Artisti del secondo 800 all’Antico Caffè Greco

 

Col passare degli anni, gli artisti raccolti al Greco di Roma non cessarono di rappresentare uno dei più spiccati motivi di quel picturesque, al quale gli oltramontani erano particolarmente interessati. A tal punto che le guide turistiche si vedevano costrette a fornire in merito precisi particolari, fissando persino gli orari migliori per godere di quegli assembramenti, quasi dovesse trattarsi di una regolare rappresentazione. «Caffè Greco, with a restaurant, in the Via Condotti, the rendezvous of the artists of every country – almost all the artists in Rome may be met here; it is their general rendezvous at 7 A.M. for breakfast, and in the evening».
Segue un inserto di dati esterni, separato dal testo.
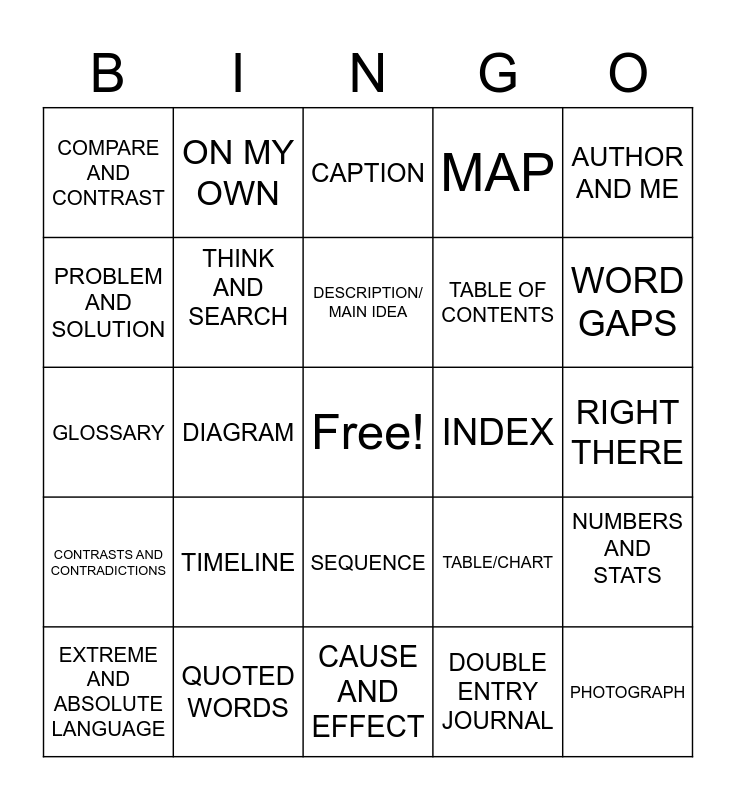 This bingo card has a free space and 24 words: TIMELINE, QUOTED WORDS, DESCRIPTION/ MAIN IDEA, EXTREME AND ABSOLUTE LANGUAGE, AUTHOR AND ME, COMPARE AND CONTRAST, PROBLEM AND SOLUTION, ON MY OWN, INDEX, SEQUENCE, TABLE OF CONTENTS, GLOSSARY, TABLE/CHART, NUMBERS AND STATS, THINK AND SEARCH, DOUBLE ENTRY JOURNAL, RIGHT THERE, CAPTION, WORD GAPS, DIAGRAM, PHOTOGRAPH, CONTRASTS AND CONTRADICTIONS, MAP and CAUSE AND EFFECT.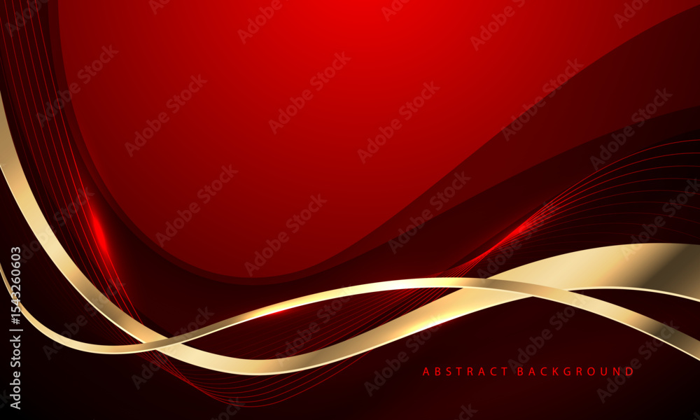 The watermark will not be included on Wall mural.: Abstract gold ribbon curve overlap on red luxury background vector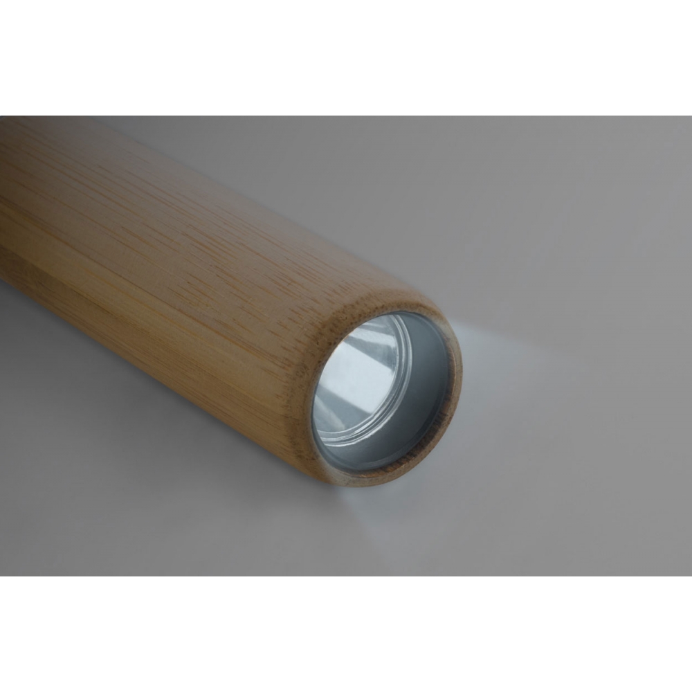 Artikel-Nr: AND864055Taschenlampe aus Bambus mit eingebautem USB-Akku (320 mAh), 1 LED-Leuchte und Trageriemen. Mit 3 Leuchtmodi. Inkl. USB-Ladekabel.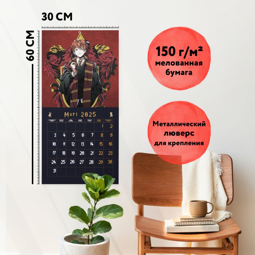 Календарь с 12 очаровательными иллюстрациями в стиле аниме по всем любимой магической вселенной! Отличное полиграфическое исполнение и удобная сетка, в которой отмечены все государственные праздники — все это будет дарить вам такие незабываемые эмоции каждый день, что вы не заметите, как пролетит целый год! Отличный подарок себе и друзьям!

Così, ad esempio, il Murray’s Hand-Book dedicato a Rome & its Environs nel 1869 (e citiamo già dalla 9′ edizione); mentre nel Beadeker di trent’anni più tardi, Central Italy and Rome, 1900, il particolare sarà appena annotato: «Cafè Greco, Via Condotti 86, formerly frequented by artists». La ragione di una simile affluenza ce la dà il De Cesare, dove scrive che «gli artisti formavano nella vita sociale di allora una classe affatto distinta, con una nota propria, schietta e geniale.
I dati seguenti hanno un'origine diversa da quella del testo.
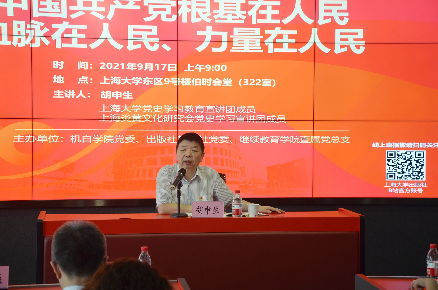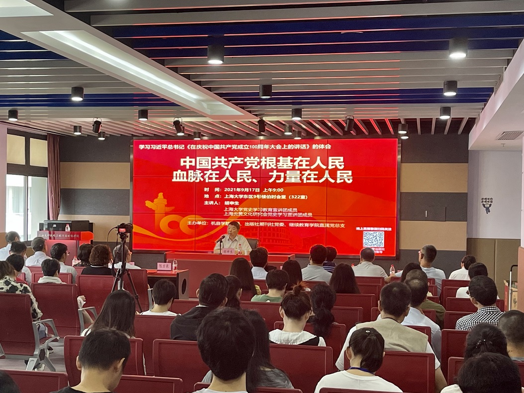 2021年9月17日上午,在宝山校区东区9号楼伯时会堂,我院党委、出版社期刊社党委、继续教育学院直属党总支三家单位开展联组学习。本次联组学习特邀著名社会学家、上海大学党史学习教育宣传团成员、上海炎黄文化研究会党史学习宣讲团成员胡申生教授,为与会教师带来“学习习近平总书记《在庆祝中国共产党成立100周年大会上的讲话》的体会——中国共产党根基在人民、血脉在人民、力量在人民”的讲座。上海大学出版社社长戴骏豪,继续教育学院直属党总支书记王海燕,我院党委书记陈方泉,院长于瀛洁,出版社期刊社党委副书记杨利明,继续教育学院党总支副书记、副院长严惠根,继续教育学院副院长王惠珏,以及三家单位教职工、学生党员代表等出席了本次学习活动。我院活动线上线下同时进行,哔哩哔哩视频网站同步直播。联组学习由陈方泉书记主持。

Non c’erano circoli o clubs», egli aggiunge, «e per una tradizione quasi secolare, si davano convegno al caffè Greco, in via Condotti, che era divenuto loro feudo e recapito, e campo chiuso delle loro dispute vivaci e iperboliche». E, prima di lui, Pascarella non aveva esitato ad affermare: «si può dire, senza esagerare, che fino al 1870 il Circolo artistico internazionale di Roma fu il Caffè Greco». Sembra però che, di quei tipici personaggi, pochi dessero commercio. Male comune a tutta la penisola, come avevano già osservato i De Goncourt: «Il caffè, in Italia, è luogo pubblico, in cui non si consuma niente». Sta di fatto che passò in proverbio, negli annali del caffè Greco, la consumazione tipica di quei bohémiens: «acqua di cannella e fuoco di padella». Cioè l’acqua della fontanina che butta tuttora nella prima saletta, sotto il telefono a gettone, e la padella, o «focone», che troppo spesso serviva soltanto a far accendere le pipe degli sfaccendati avventori. Tolleranti tradizioni del Greco nelle quali vanno ad inserirsi anche i molti «chiodi» piantati dagli artisti, a tutte spese delle varie gestioni del locale, dal Carnesecchi al Salvioni (che si fece una reputazione durante il blocco napoleonico, continuando a mescere, sia pure in misura minore del consueto, caffè genuino, mentre le altre botteghe non passavano che «cicoria»), dal Frezza ai Gubinelli, di cui avremmo occasione di parlare a lungo.
Ma non appiccavano soltanto «chiodi», quegli artisti; lasciavano pure disegni.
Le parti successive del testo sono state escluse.